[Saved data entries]
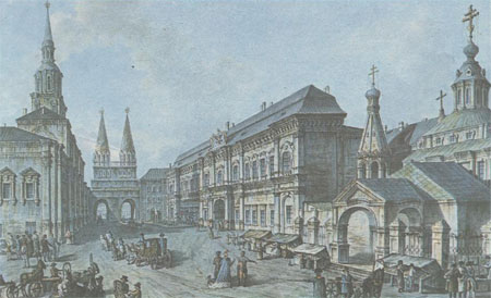 Здание Московского Университета у Воскресенских ворот на Красной площади. Гравюра начала XIX века.
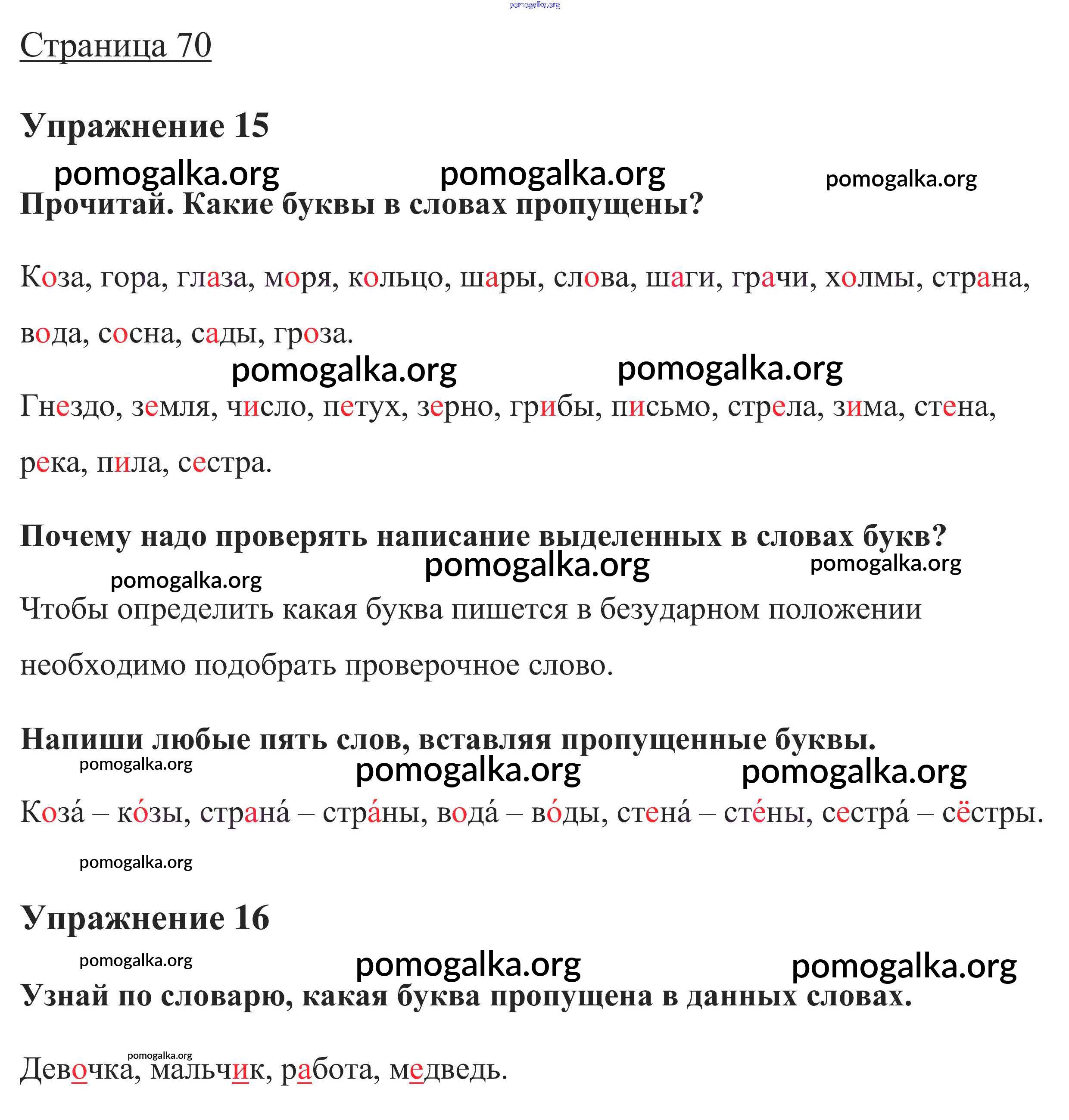 Готовые ответы - Русский язык 1 класс Канакина В.П. - глава 5. Звуки и буквы 70
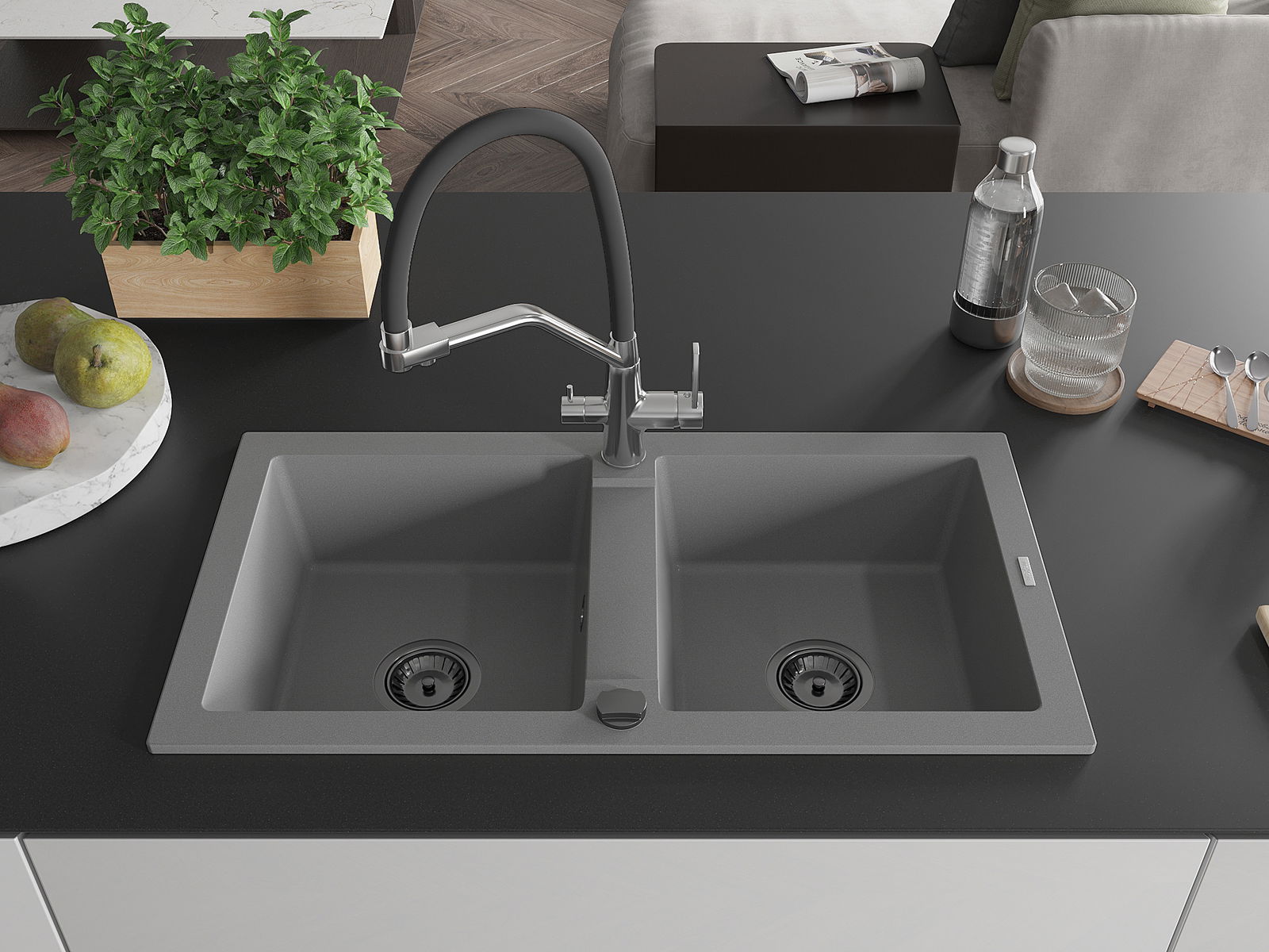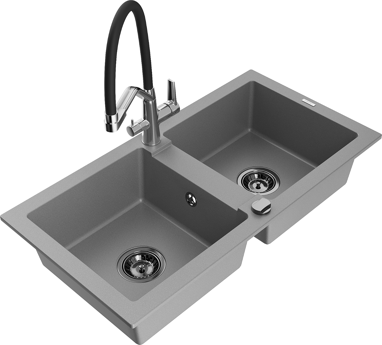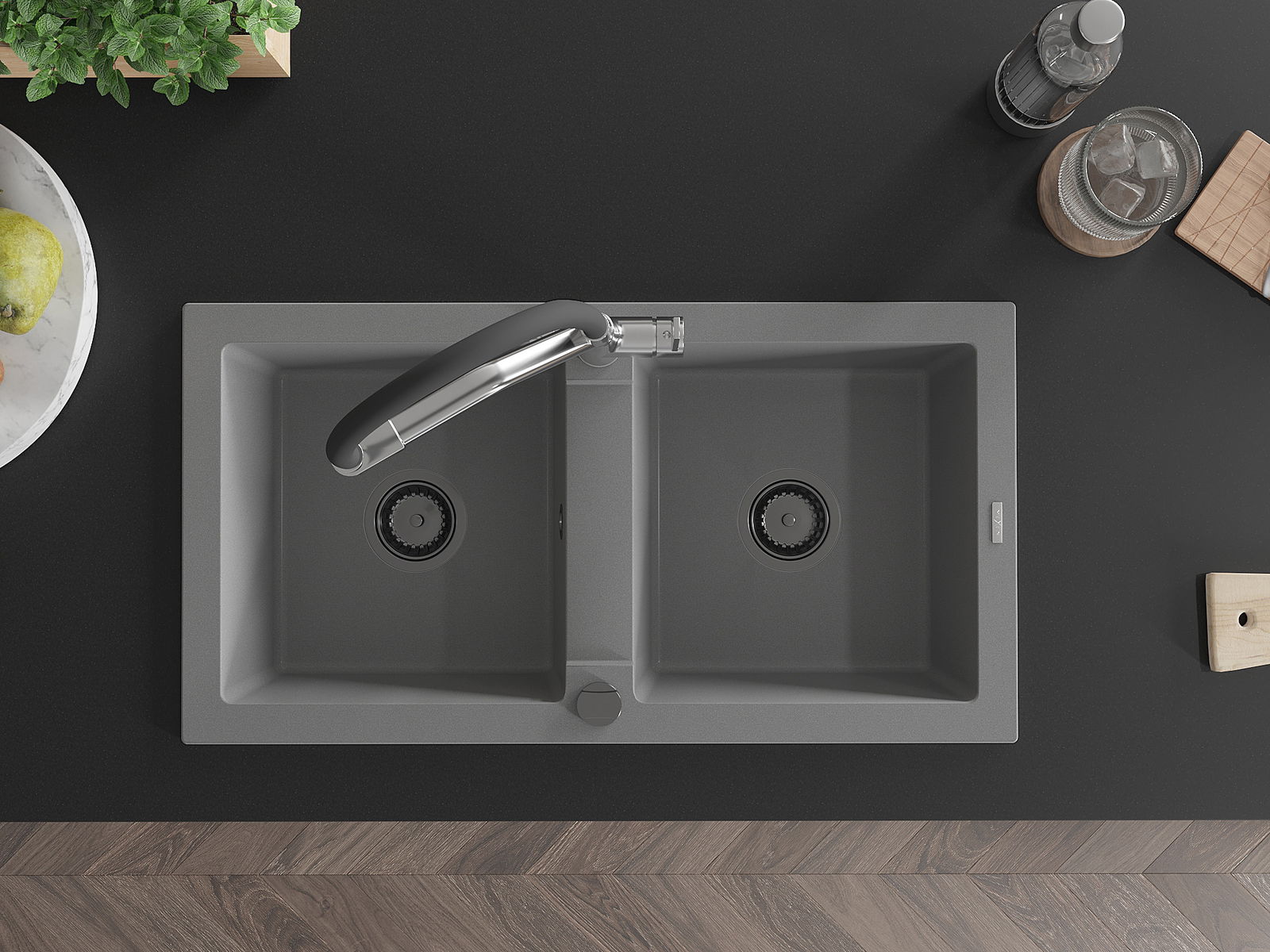 Mexen Mario évier en granit à 2 bacs avec robinet de cuisine Duo, gris - 6504-71-671701-07-B
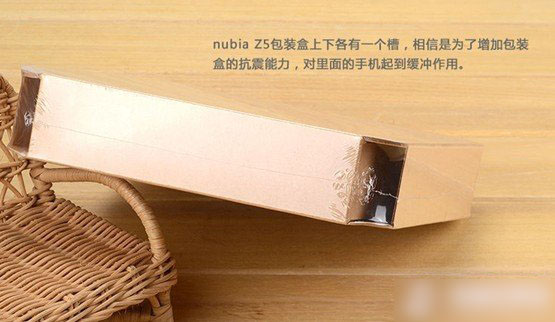 Nubia Z5包装盒上下各有一个槽,相信是为了增加包装盒的抗震能力,对里面的手机起到缓冲作用。
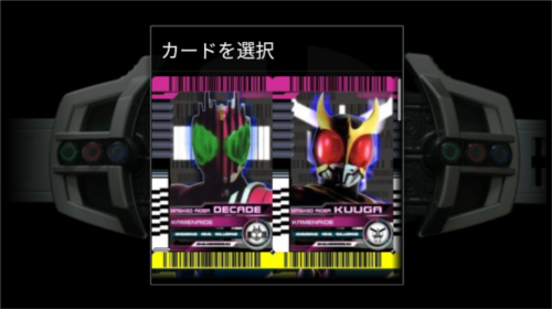 2、启动机关,出现骑士卡,左右滑动这个小窗口,可查看到电视剧中出现的所有骑士卡,选择一张进行变身。
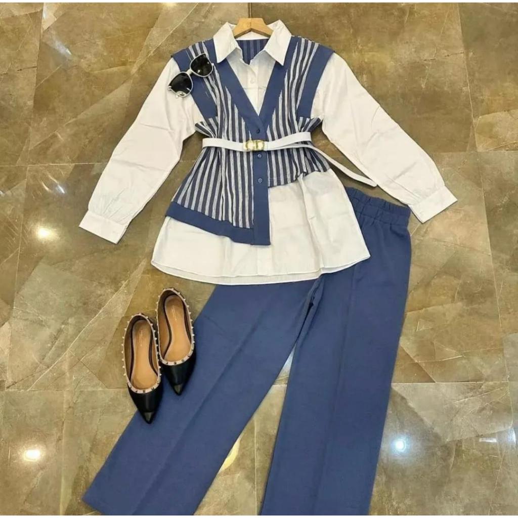 FLASH Dena One Set pakaian Wanita Bahan CRINGKLE Setelan 2 In 1 FREE BELT Kekinian Terbaru Atasan Dan Celana Wanita
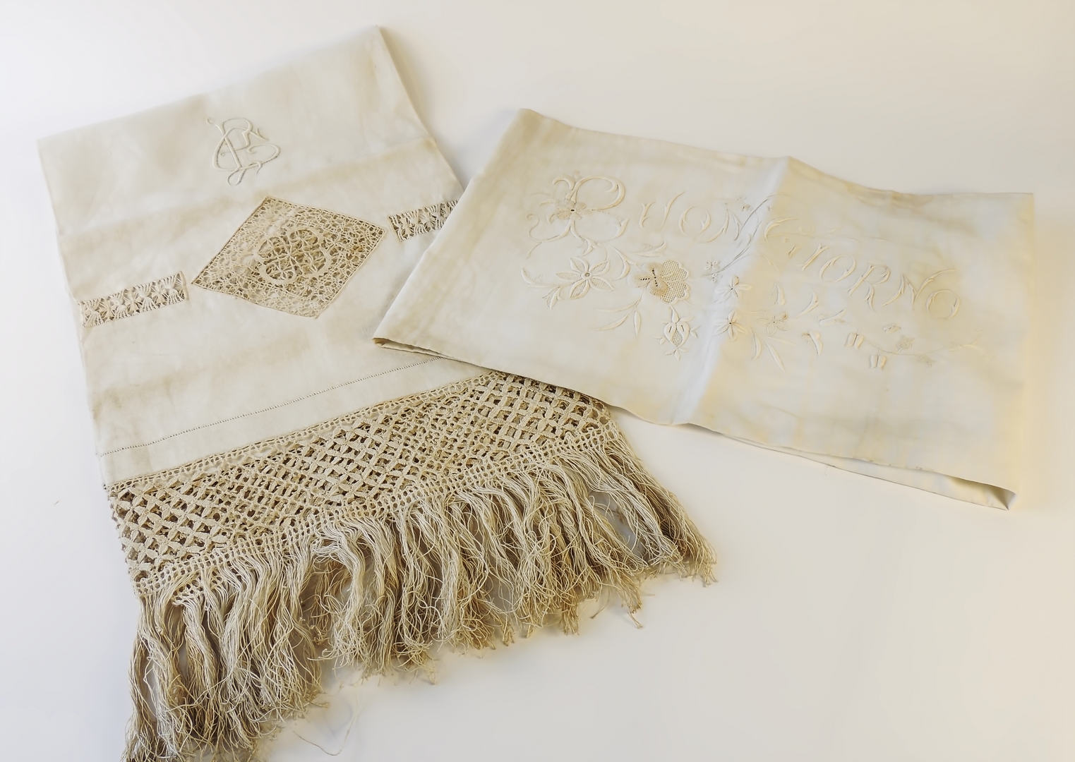 LOTTO DI BIANCHERIA fine del XIX/inizio del XX secolo composto da set matrimoniale con buttalà e coppia di federe in lino finemente ricamate con iscrizione fiorita Buon Giorno e Buon Riposo, due coppie di federe ricamate con monogramma e applicazioni di merletti e tre asciugamani in Fiandra con bordura a frangia (10)

Exercise brief —
The answer must be the full set of records, repeated exactly, with no pictures.

Task response —
 Здание Московского Университета у Воскресенских ворот на Красной площади. Гравюра начала XIX века.
 Готовые ответы - Русский язык 1 класс Канакина В.П. - глава 5. Звуки и буквы 70
 Mexen Mario évier en granit à 2 bacs avec robinet de cuisine Duo, gris - 6504-71-671701-07-B
 Nubia Z5包装盒上下各有一个槽,相信是为了增加包装盒的抗震能力,对里面的手机起到缓冲作用。
 2、启动机关,出现骑士卡,左右滑动这个小窗口,可查看到电视剧中出现的所有骑士卡,选择一张进行变身。
 FLASH Dena One Set pakaian Wanita Bahan CRINGKLE Setelan 2 In 1 FREE BELT Kekinian Terbaru Atasan Dan Celana Wanita
 LOTTO DI BIANCHERIA fine del XIX/inizio del XX secolo composto da set matrimoniale con buttalà e coppia di federe in lino finemente ricamate con iscrizione fiorita Buon Giorno e Buon Riposo, due coppie di federe ricamate con monogramma e applicazioni di merletti e tre asciugamani in Fiandra con bordura a frangia (10)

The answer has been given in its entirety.